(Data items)
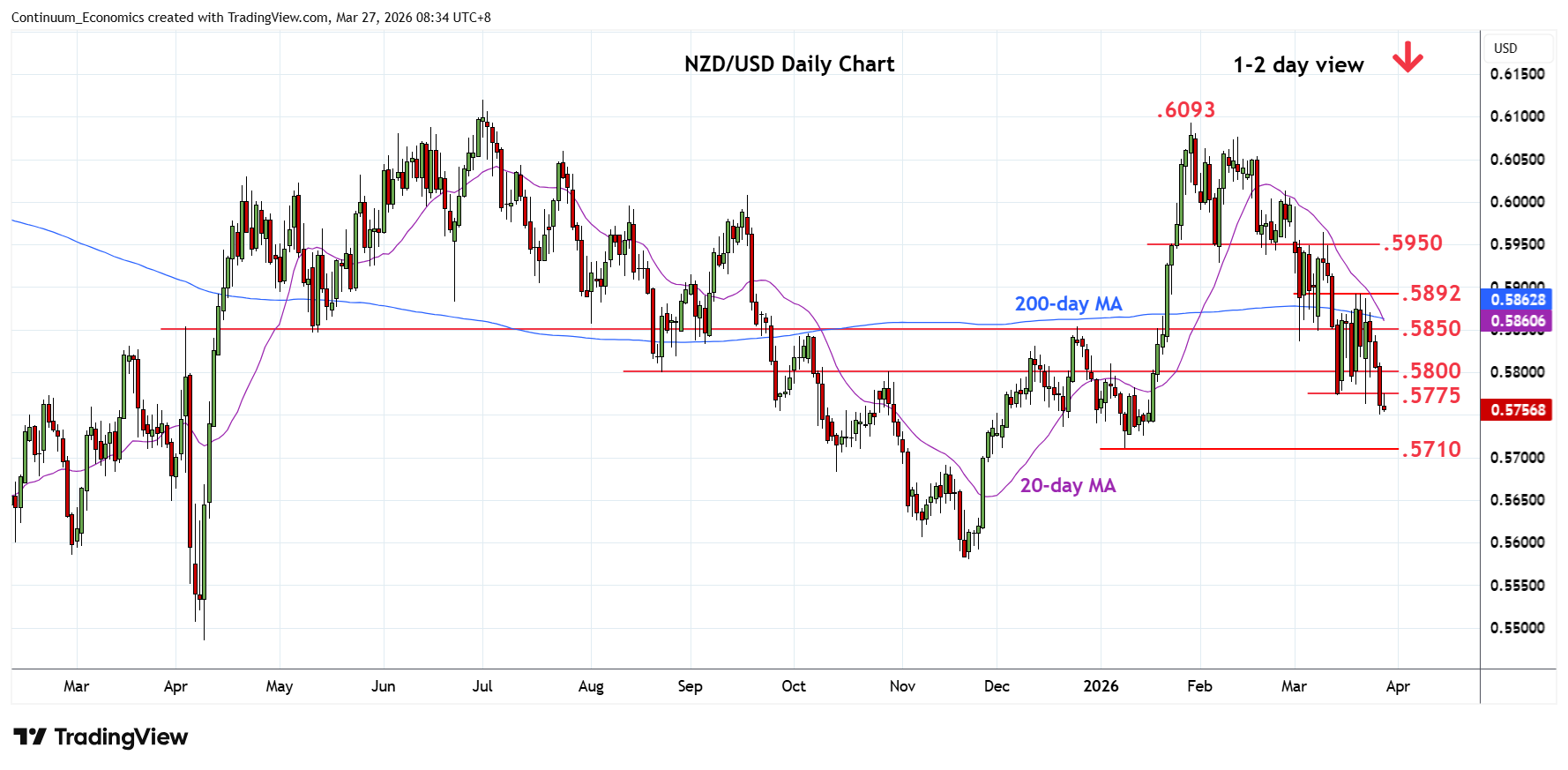Chart NZD/USD Update: Still heavy, room to .5710 January low
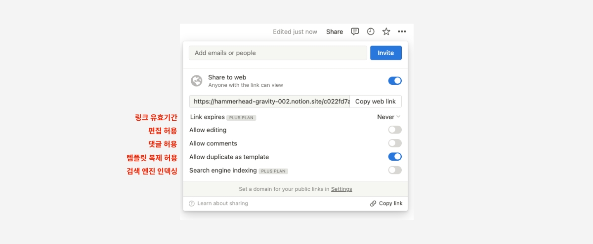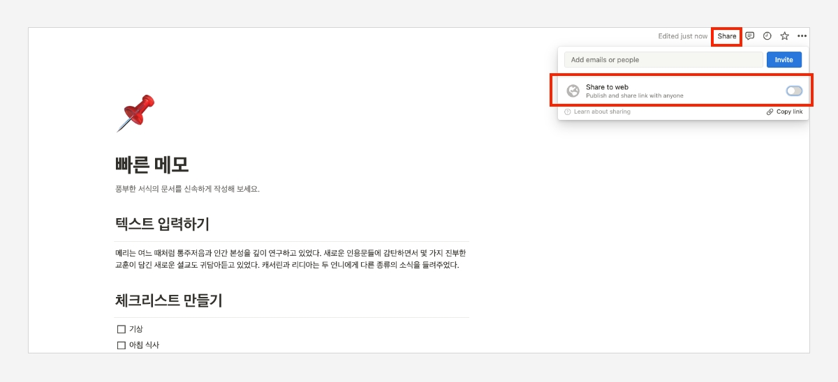 2 '웹으로 공유하기'에 토글을 움직여 활성화합니다.
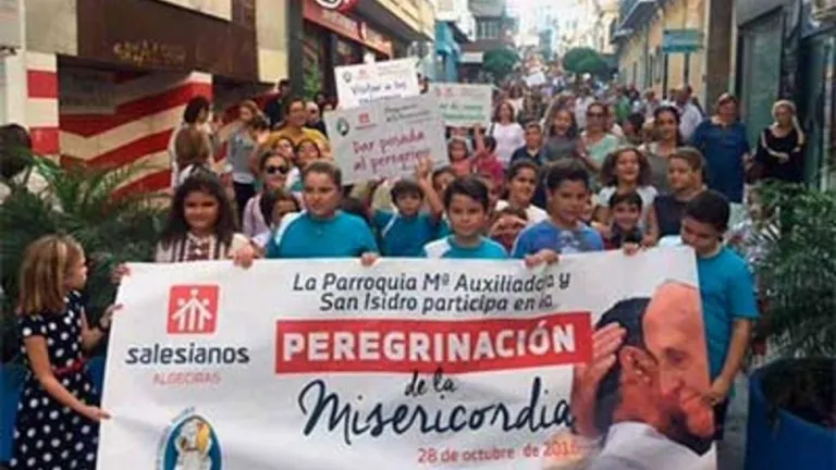 Alumnos y educadores del colegio salesiano San Miguel Arcángel de Madrid peregrinaron el 28 de octubre desde las instalaciones del centro hasta la catedral de La Almudena para conmemorar el año santo de la Misericordia y ganar el jubileo. Allí, los esperaba el arzobispo, Mons. Carlos Osoro, que presidió la celebración de la Eucaristía. En la tarde de ese día, centenares de feligreses de la parroquia de María Auxiliadora y San Isidro de Algeciras (Cádiz) repetían el mismo gesto, en este caso desde su iglesia hasta la parroquia de Nuestra Señora de la Palma, templo jubilar de la localidad gaditana. Son solo dos ejemplos de cómo ha vivido la Familia Salesiana este Año Santo de la Misericordia convocado por el Papa Francisco, que se clausurará en las diócesis este domingo, 13 de noviembre.
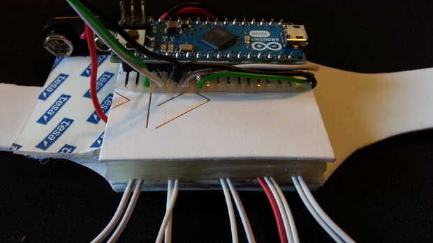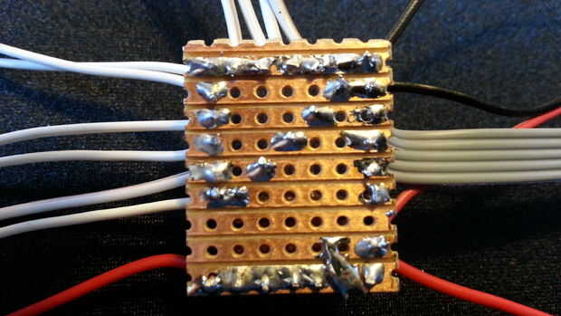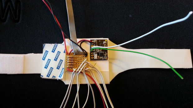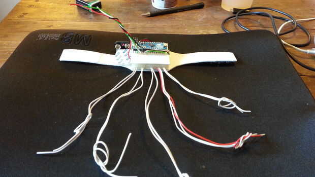 Corte 10 pedazos de alambre que debe ser lo suficientemente largos para ir de su muñeca a la punta de los dedos (cables blancos en la imagen). Te recomiendo para que sea más largo (35 cm) para que usted puede cortarlas a lo largo buena luego cuando vamos a crear los dispositivos de toque de dedos. La soldadura esta los cables como se muestra en la imagen.
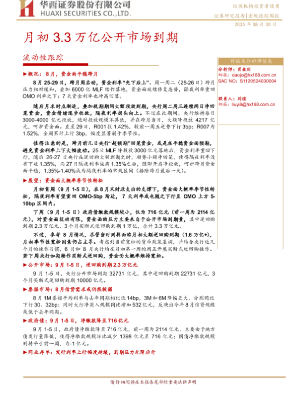 【华西证券】【202508】流动性跟踪:月初3.3万亿公开市场到期-16页 证券期货研究报告

▶ [Exercise]:
Restate the data exactly, though only from the line that contains "Alumnos y educadores" through its last line, both ends included and with the pictures left out.

▶ [Answer to this task]:
 Alumnos y educadores del colegio salesiano San Miguel Arcángel de Madrid peregrinaron el 28 de octubre desde las instalaciones del centro hasta la catedral de La Almudena para conmemorar el año santo de la Misericordia y ganar el jubileo. Allí, los esperaba el arzobispo, Mons. Carlos Osoro, que presidió la celebración de la Eucaristía. En la tarde de ese día, centenares de feligreses de la parroquia de María Auxiliadora y San Isidro de Algeciras (Cádiz) repetían el mismo gesto, en este caso desde su iglesia hasta la parroquia de Nuestra Señora de la Palma, templo jubilar de la localidad gaditana. Son solo dos ejemplos de cómo ha vivido la Familia Salesiana este Año Santo de la Misericordia convocado por el Papa Francisco, que se clausurará en las diócesis este domingo, 13 de noviembre.
 Corte 10 pedazos de alambre que debe ser lo suficientemente largos para ir de su muñeca a la punta de los dedos (cables blancos en la imagen). Te recomiendo para que sea más largo (35 cm) para que usted puede cortarlas a lo largo buena luego cuando vamos a crear los dispositivos de toque de dedos. La soldadura esta los cables como se muestra en la imagen.
 【华西证券】【202508】流动性跟踪:月初3.3万亿公开市场到期-16页 证券期货研究报告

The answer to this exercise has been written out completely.